NACDS and the National Association of Retail Druggists, also based in Alexandria, Va., have objected to the new policy. Because retirees take multiple medications, it could cost them an average of at least $500 a year, said Todd Dankmyer, senior vice president of communications at NARD.

NACDS has asked the U.S. Office of Personnel Management, which administers the plan under the Federal Employees Health Benefits program, to postpone instituting the new policy until a study under way by the General Accounting Office on the mail-order program is released in June.

"This is economic coercion for federal retirees," Ronald Ziegler, NACDS president and chief executive officer, said in a press statement. "Federal retirees should continue to have the choice to use their local pharmacy without an economic penalty."

About 70 U.S. representatives signed a letter to the Office of Personnel Management expressing their concerns about how the new policy will affect retirees' access to pharmacy services and patient counseling at local drug stores. The letter estimated that it could mean a $600 million loss for local pharmacy business.

But the OPM said there are no plans to delay the policy. In a Dec. 21, 1995, letter to the lawmakers who voiced concern about the plan, OPM Director James King wrote that the policy is sound. He said mail-order prescriptions are just as safe as those purchased at retail pharmacies.

"Mail-order pharmacies are subject to the same degree of regulation and scrutiny as retail pharmacies," King wrote.

King added that if a member has questions about a mail-order prescription, a 24-hour, toll-free information hot line is available.

He also wrote that retirees who chose not to go through mail order will face minimal out-of-pocket expenses. According to the letter, in 1994 the average cost to the member for prescriptions obtained at a preferred retail pharmacy was $2 per 30-day supply for generic drugs and $6.30 per 30-day supply for brand-name drugs.

Blue Cross/Blue Shield also has defended the policy shift. "We feel these changes for 1996 are reasonable in light of escalating costs," Stephen Gammarino, vice president of the federal employee program, wrote in an Oct. 6, 1995, letter disseminated in response to inquiries about the new plan. "They are instrumental to achieving our objective of providing innovative and cost-effective pharmacy benefits while keeping premiums at a competitive level in the individual choice [Federal Employees Health Benefits] market."

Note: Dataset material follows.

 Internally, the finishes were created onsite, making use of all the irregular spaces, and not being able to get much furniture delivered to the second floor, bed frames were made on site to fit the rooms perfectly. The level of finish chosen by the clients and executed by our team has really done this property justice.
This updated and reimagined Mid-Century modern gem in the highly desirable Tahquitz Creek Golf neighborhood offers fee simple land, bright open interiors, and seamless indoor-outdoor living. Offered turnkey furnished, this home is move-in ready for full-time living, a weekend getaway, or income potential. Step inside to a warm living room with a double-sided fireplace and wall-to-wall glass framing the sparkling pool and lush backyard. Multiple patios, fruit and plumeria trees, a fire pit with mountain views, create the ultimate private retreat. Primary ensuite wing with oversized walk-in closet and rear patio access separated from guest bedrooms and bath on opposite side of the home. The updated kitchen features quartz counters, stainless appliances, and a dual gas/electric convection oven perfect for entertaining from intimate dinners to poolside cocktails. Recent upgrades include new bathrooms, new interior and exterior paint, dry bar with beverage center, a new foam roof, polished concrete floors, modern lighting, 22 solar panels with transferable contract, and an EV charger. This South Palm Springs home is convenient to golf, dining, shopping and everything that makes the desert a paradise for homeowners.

About 3% of Raley's customers are enrolled in the FEHB plan, said Jody Stewart, pharmacy director. But it will still have an adverse effect on the West Sacramento, Calif.-based chain, she said.

"It's part of the gradual erosion of our business," Stewart said.

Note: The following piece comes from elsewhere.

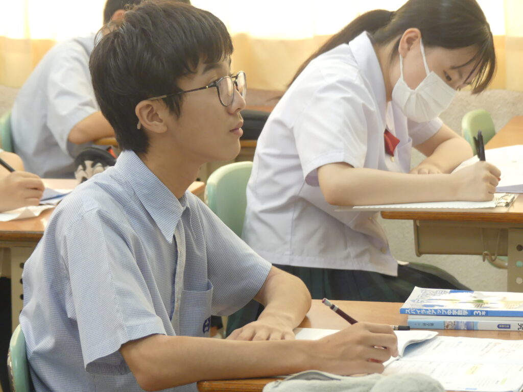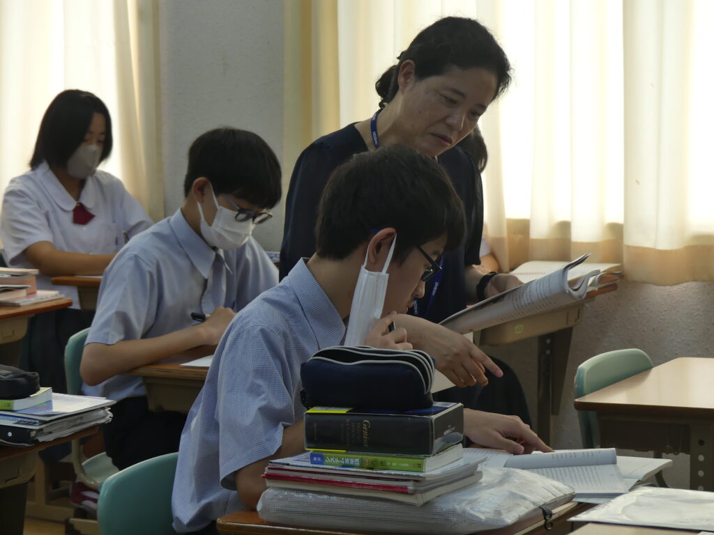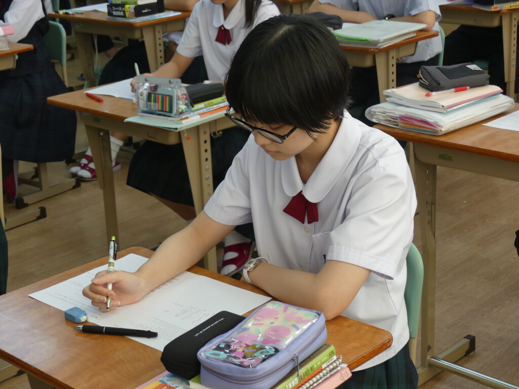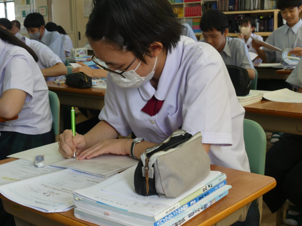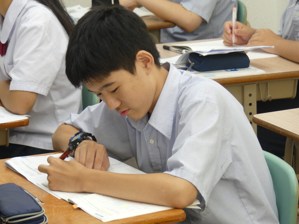 全体会終了後は、中学棟に移動していただき、在校生が実際に授業を受けている様子をみていただきました。集中し、そして楽しく授業に臨んでいる姿、鵬翔中の授業の雰囲気を感じていただけたでしょうか。
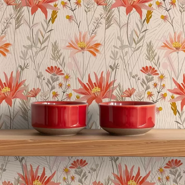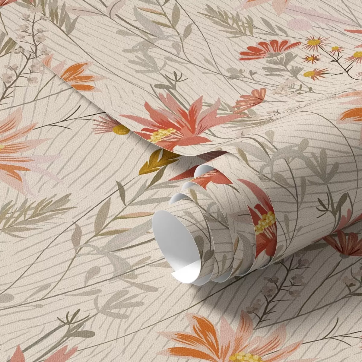 Шпалери Польові квіти в теплих тонах на бежевому тлі Nr. a00751

Citing the popularity of the FEHB option, Stewart said many federal retirees approached the chain and asked it to participate in the plan. After a lengthy process, Raley's implemented the plan three years ago.

"Our customers were very vocal. They wanted us to be part of it,' she said. "It took us a long time to administer it, and now it's being jeopardized."

Both NACDS and NARD ran ads in the Federal Times, a newspaper for federal employees, encouraging retirees to consider enrolling in other health insurance options. The organizations also provided their members with bag stuffers that contain a variety of patient information material, including fliers encouraging federal retirees to voice their concerns to Congress.